Phenomenology of Spirit. A favorite between the ages of 20 and 40, but no longer.

>> No.17085921

>>17085907
Okay, Nabo

>> No.17085934

>>17084671
But Joyce had given a lecture when he was 18 called "Drama and Life," which was essentially an Hegelian (through Wagner's Hegelian works on art, specifically The Art-Work of the Future) theses on the centrality of Drama to life and all the arts-- I'm sure if you're familiar with Wagner's ideas, you can recognise the similarity.

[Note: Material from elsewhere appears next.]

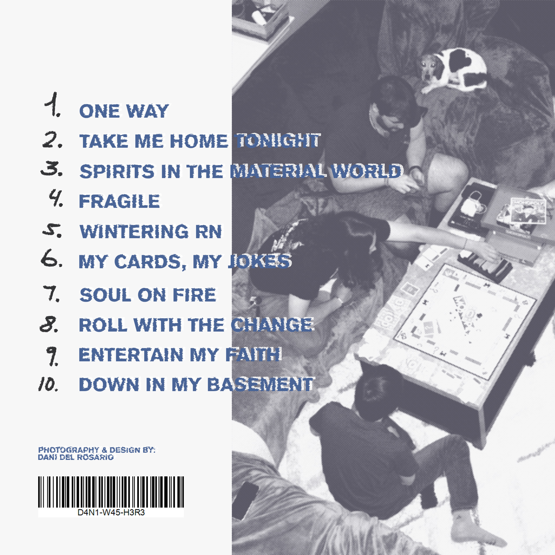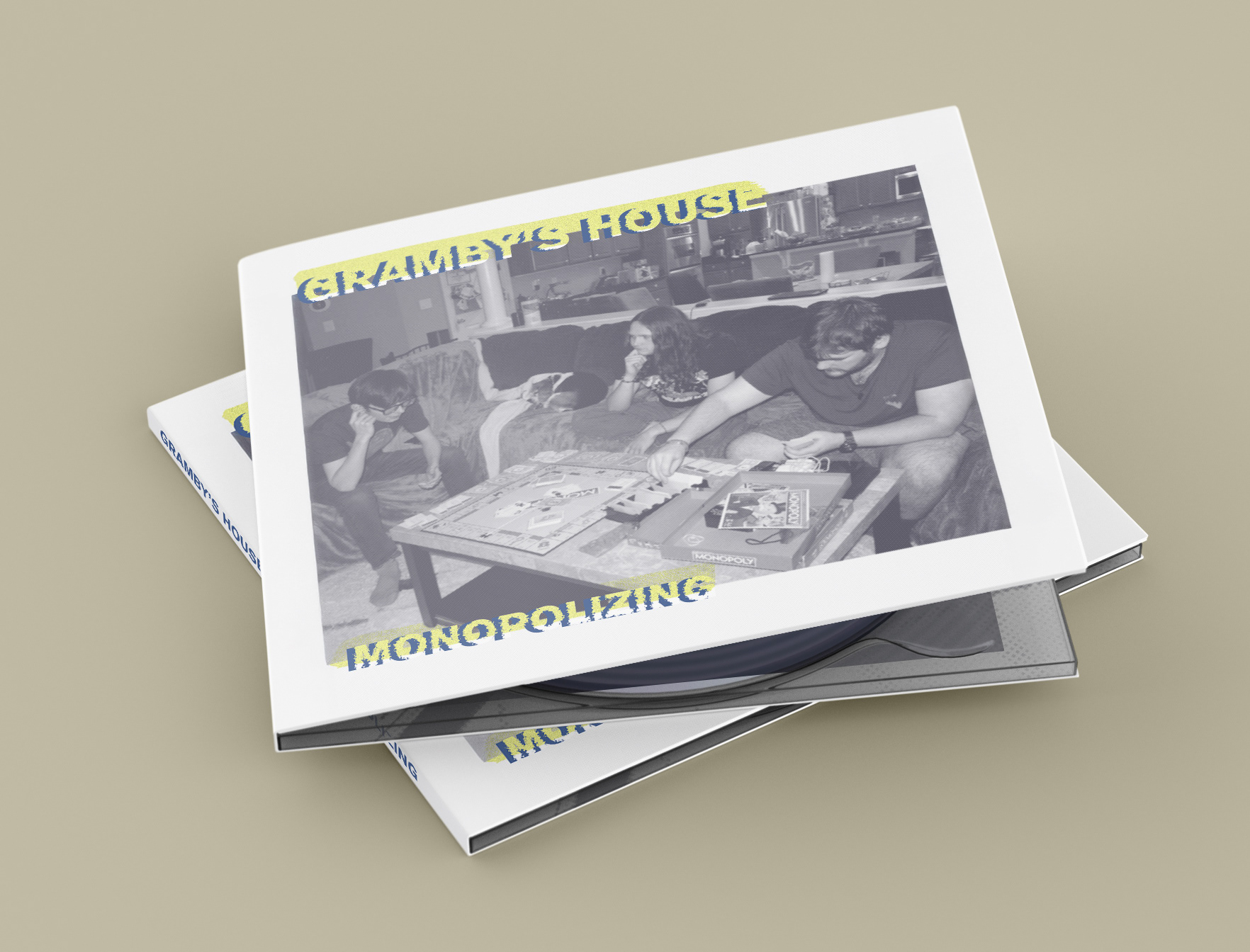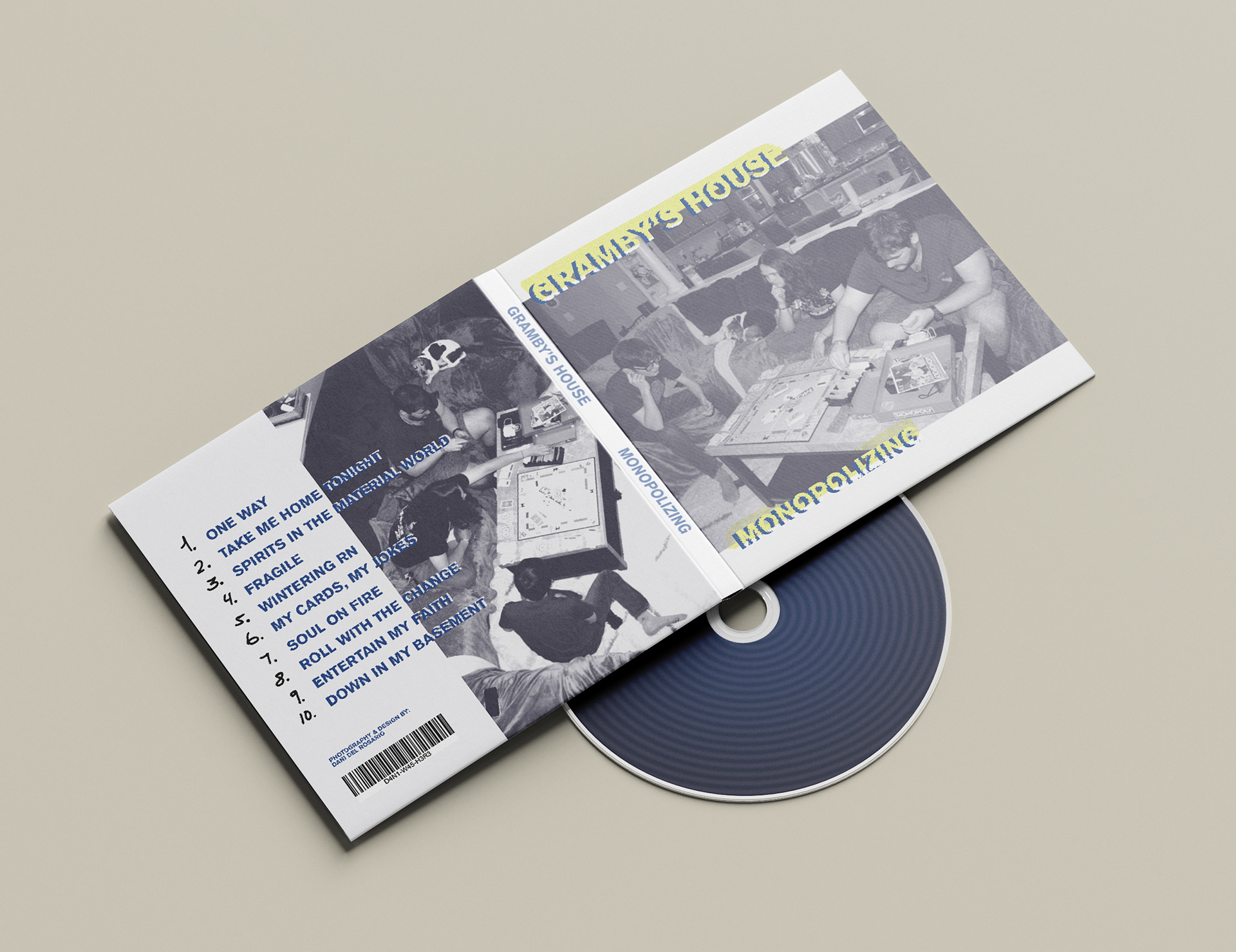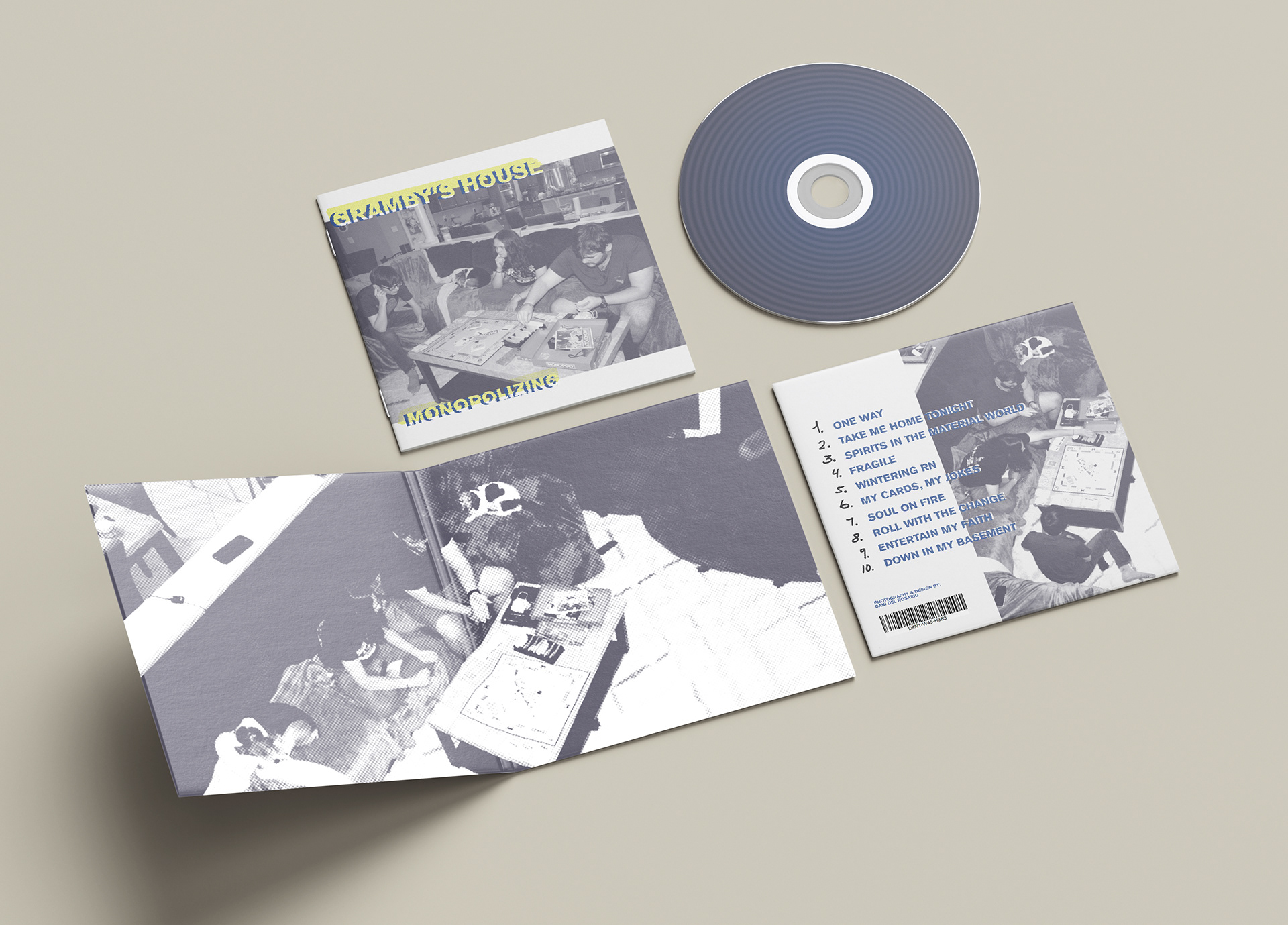 When creating the CD Cover, I photographed my close friends behind the scenes to make the images look natural and unposed. The front cover shows them playing Monopoly with a halftone filter added for a textured, retro effect. The back cover keeps the same relaxed mood with the song names listed. I experimented with several sans serif typefaces to find one that matched the casual and simple style of the design.

>By drama I understand the interplay of passions to portray truth; drama is strife, evolution, movement in whatever way unfolded; it exists, before it takes form, independently; it is conditioned but not controlled by its scene. . . . An idyllic portrait, or an environment of haystacks does not contitute a pastoral play, no more than rhodomontade and sermonising build up a tragedy. Neither quiescence nor vulgarity shadow forth drama. However subdued the tone of passions may be, however ordered the action or commonplace the diction, if aplay or a work of music or a picture presents the everlasting hopes, desires and hates of us, or deals with a symbolic presentment of our widely related nature, albeit a phase of that nature, then it is drama. I shall not speak here of its many forms. In every form that was fit for it, it made an outburst, as when the first sculpture separated the feet. Morality, mystery, ballet, pantomime, opera, all these it speedily ran through and discarded. Its proper form "the drama" remains intact.
- Drama and Life


Also what's all this talk about Vico? Does he alas still have original ideas not trampled and taken by others?

>> No.17085940

both on my bookshelf

both unread

>> No.17085954

>>17082518
Find an intro to the history of philosophy course - once you have completed that you can start doing what you like, like reading PoS

>> No.17085957

>>17085782
See>>17085934

He was very familiar with Hegel. Read this article if you want to learn more about it:

https://www.jstor.org/stable/10.2979/jmodelite.35.4.1?seq=1

>>17085887
Very interesting quote anon, almost a perfect summarisation of what Joyce was trying to do.

>> No.17087245

>>17084444
Yes and no. I find this to be especially fruitful in comparing Kant to Hegel but, when reading Boehme, for instance, its hard to make heads or tales of his work, in part because it isn't meant to be the kind of proper "philosophy" that Hegel is doing. The same can be said of all the other mystical types.

>> No.17088681

>>17081709
Why should I?

>> No.17088713

OH COME ON, Hegel isn’t like that if you actually read him in context and pay attention he’s fully comprehensible.

>> No.17089474

>>17082459
No he wrote it extremely quickly because the French army was marching into his part of Germany at the time.

He's just autistic.

>> No.17089536

>>17089474
He didn't write a 600 page book in one night as the war itself kept knocking on his door. He was done with it, but refined some points as Napoleon entered Jena and the battle started.

>> No.17089552

>>17081709
hegel is too powerful
no one has yet to understand him
there is no comparison.

>> No.17090214

>>17084943
That's a beautiful quote. Are there more 'tongue twisters' like that in Finnegans Wake? It like I'm reading Poe's Raven.

>> No.17090342

>>17090214
The whole thing is a fucking tongue twister

>> No.17090346

>obscurantism in philosophy = bad
>obscurantism in literature = good

>> No.17090377

>>17090342
I'm talking about parts with actual words in them. Not Brékkek Kékkek Kékkek Kékkek! Kóax Kóax Kóax! and alike.